▸ **Supplied data**:
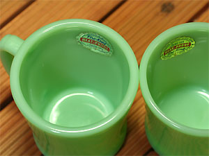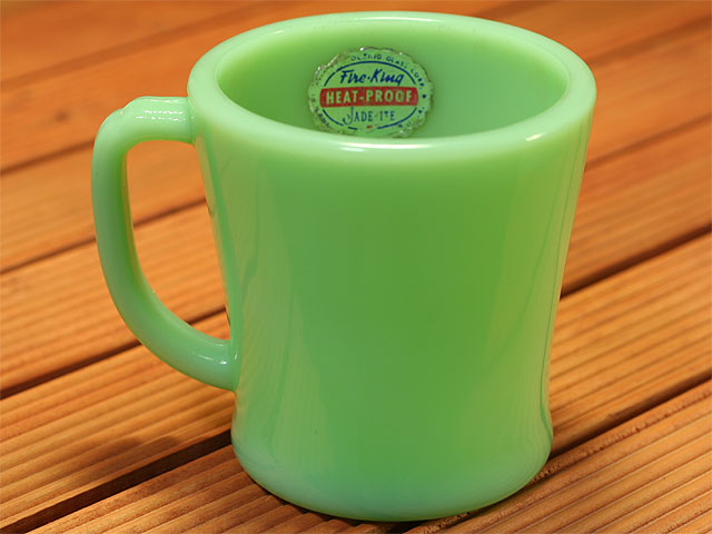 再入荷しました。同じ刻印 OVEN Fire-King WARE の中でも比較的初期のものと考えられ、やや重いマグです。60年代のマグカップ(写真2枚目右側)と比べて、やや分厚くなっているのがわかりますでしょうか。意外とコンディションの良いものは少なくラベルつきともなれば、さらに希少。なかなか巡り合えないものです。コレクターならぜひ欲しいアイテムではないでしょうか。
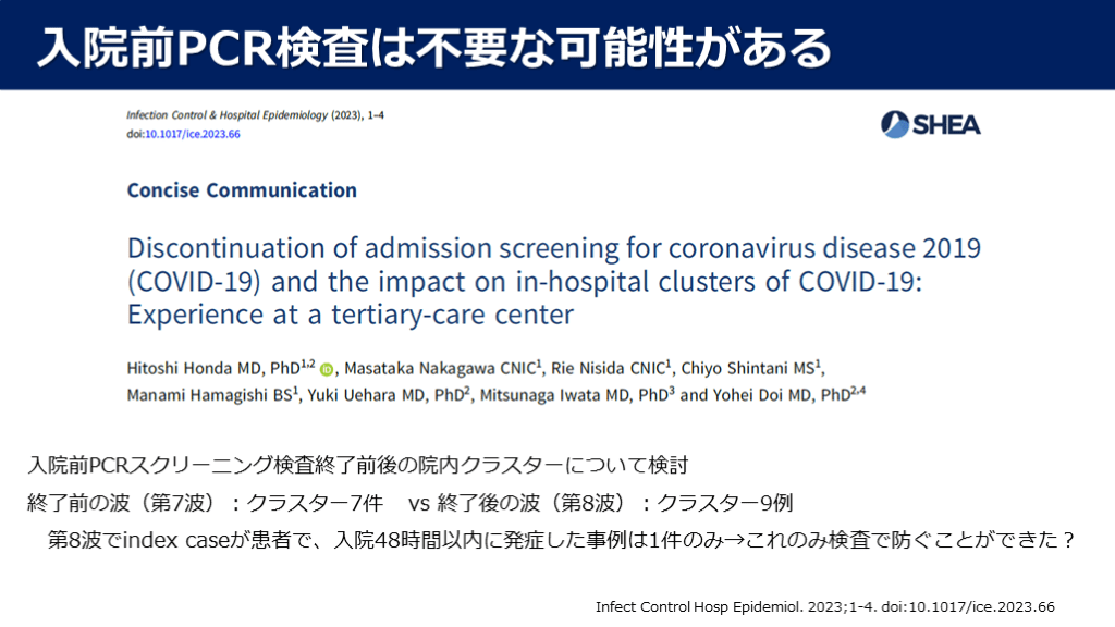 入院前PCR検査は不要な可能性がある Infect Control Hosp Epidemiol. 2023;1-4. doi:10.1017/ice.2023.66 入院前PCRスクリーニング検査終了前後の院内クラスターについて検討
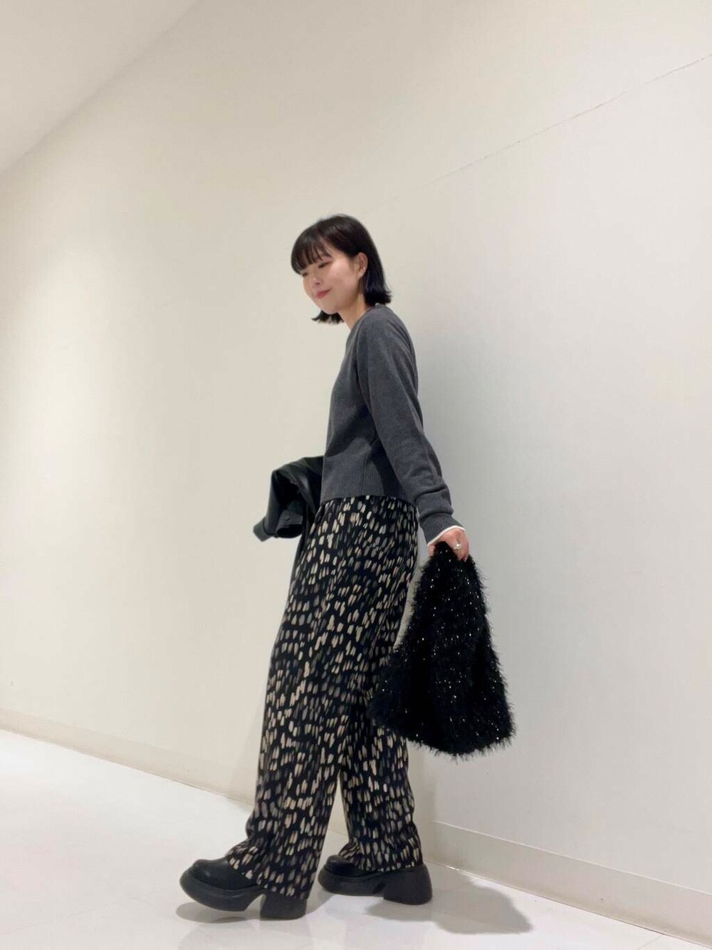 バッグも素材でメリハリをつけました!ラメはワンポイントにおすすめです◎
...
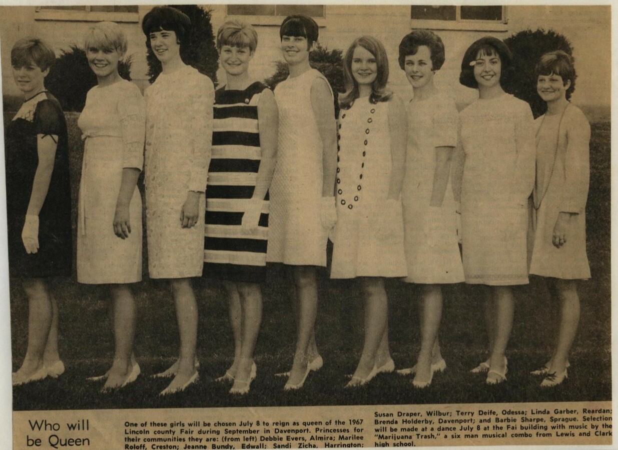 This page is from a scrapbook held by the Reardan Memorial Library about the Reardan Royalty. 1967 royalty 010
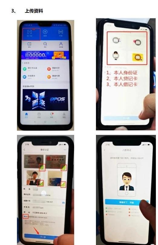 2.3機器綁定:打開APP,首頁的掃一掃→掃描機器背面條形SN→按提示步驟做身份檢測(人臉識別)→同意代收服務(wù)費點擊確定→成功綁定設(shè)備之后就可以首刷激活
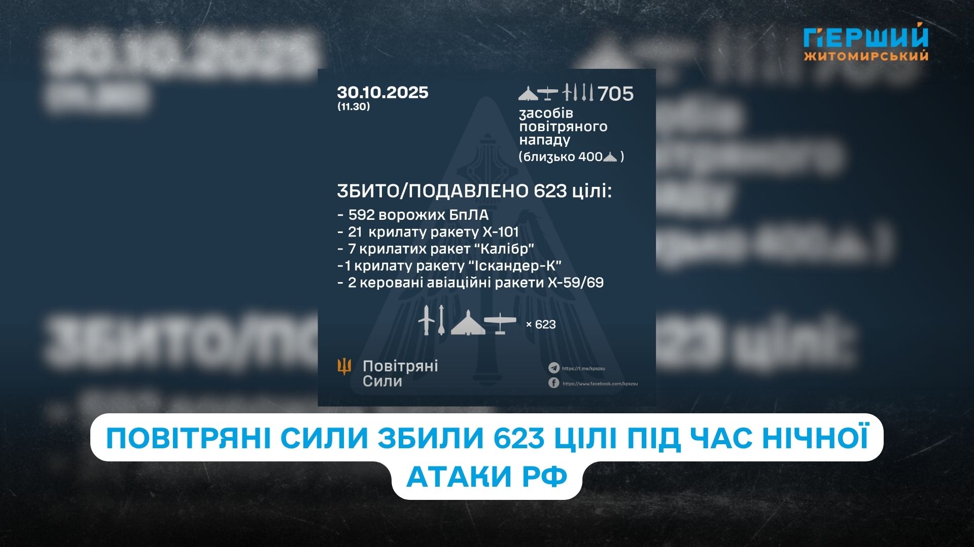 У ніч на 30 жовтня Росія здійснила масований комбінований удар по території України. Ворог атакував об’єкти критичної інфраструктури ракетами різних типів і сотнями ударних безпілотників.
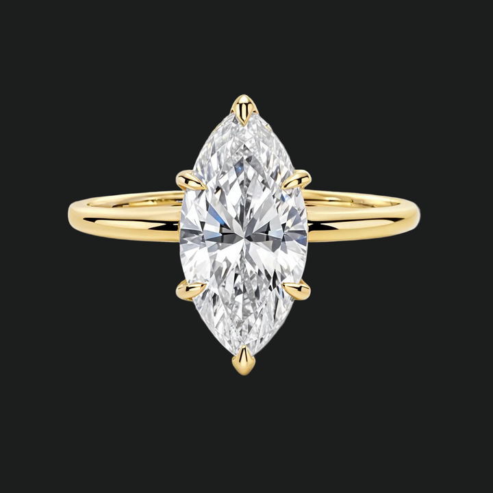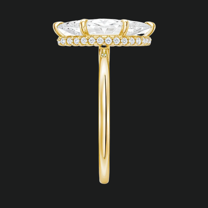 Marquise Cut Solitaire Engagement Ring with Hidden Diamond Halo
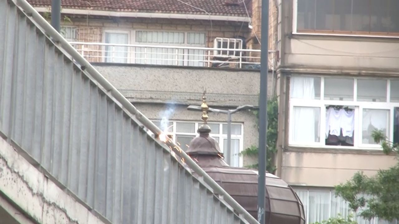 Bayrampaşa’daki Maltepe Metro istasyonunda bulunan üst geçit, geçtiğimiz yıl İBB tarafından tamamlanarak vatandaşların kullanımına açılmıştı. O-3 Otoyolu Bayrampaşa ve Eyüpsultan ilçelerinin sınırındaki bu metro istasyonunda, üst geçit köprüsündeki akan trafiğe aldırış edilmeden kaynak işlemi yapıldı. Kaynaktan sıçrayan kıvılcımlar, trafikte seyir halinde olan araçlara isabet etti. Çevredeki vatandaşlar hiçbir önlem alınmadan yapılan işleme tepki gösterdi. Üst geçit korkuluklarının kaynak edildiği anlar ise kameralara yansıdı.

▸ **Problem to work on**:
Would you copy out, exactly and with no pictures, only the lines above from the one that contains "入院前PCR検査は不要な可能性がある Infect Control" through the one that contains "バッグも素材でメリハリをつけました!ラメはワンポイントにおすすめです◎"?

▸ **Answer space**:
 入院前PCR検査は不要な可能性がある Infect Control Hosp Epidemiol. 2023;1-4. doi:10.1017/ice.2023.66 入院前PCRスクリーニング検査終了前後の院内クラスターについて検討
 バッグも素材でメリハリをつけました!ラメはワンポイントにおすすめです◎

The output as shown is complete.